PROBLEM DESCRIPTION: Stop at the line containing "Quai des Peceaux": repeat exactly every line of the entries below from the first up to it, plus that line, with pictures omitted.

EXTRACTED RECORDS:

━━━━━━━━

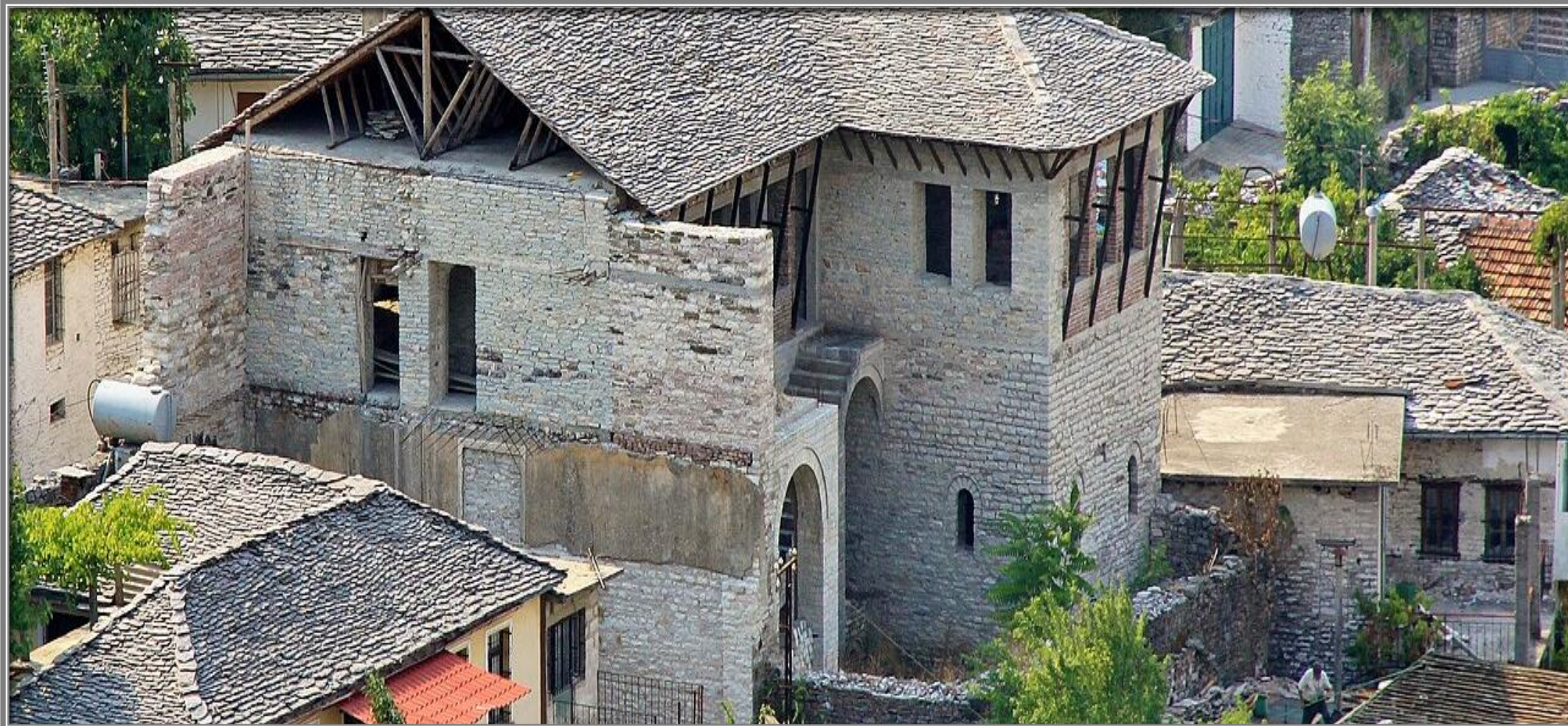
ФАМИЛНАТА КЪЩА НА КАДАРЕ В АРГИРОКАСТРО
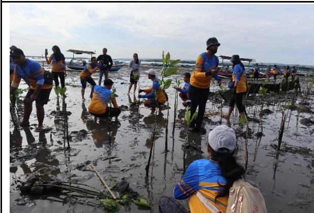
Gambar 3. Foto Proses Penanaman
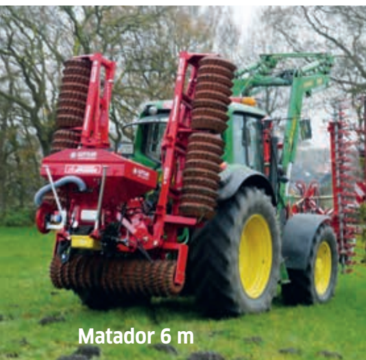
Matador 6 m

Les résultats concluants de cette combinaison ont fait parler de nous, si bien que nous gagnons chaque jour de nouveaux clients.“
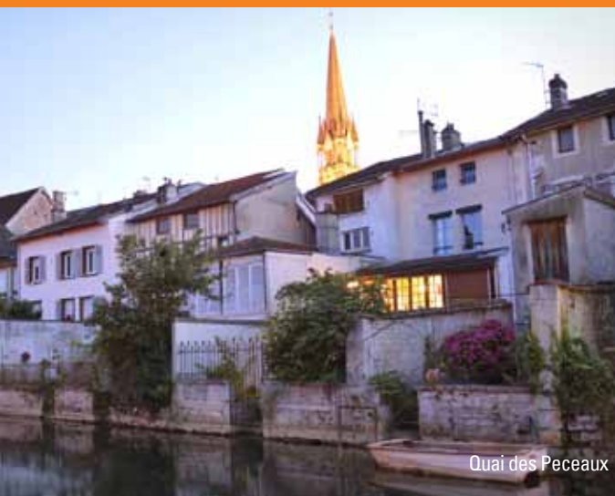
Quai des Peceaux

Le territoire du nord de la Haute-Marne connaît un renouveau au XIX e siècle, grâce au développement de la fonderie d'art, dont plusieurs usines sont installées sur la commune et aux alentours. Usines, maisons de maître de forge, habitat ouvrier fleurissent, complétant le patrimoine de la cité.

━━━━━━━━

REPLY:
ФАМИЛНАТА КЪЩА НА КАДАРЕ В АРГИРОКАСТРО
Gambar 3. Foto Proses Penanaman
Matador 6 m

Les résultats concluants de cette combinaison ont fait parler de nous, si bien que nous gagnons chaque jour de nouveaux clients.“
Quai des Peceaux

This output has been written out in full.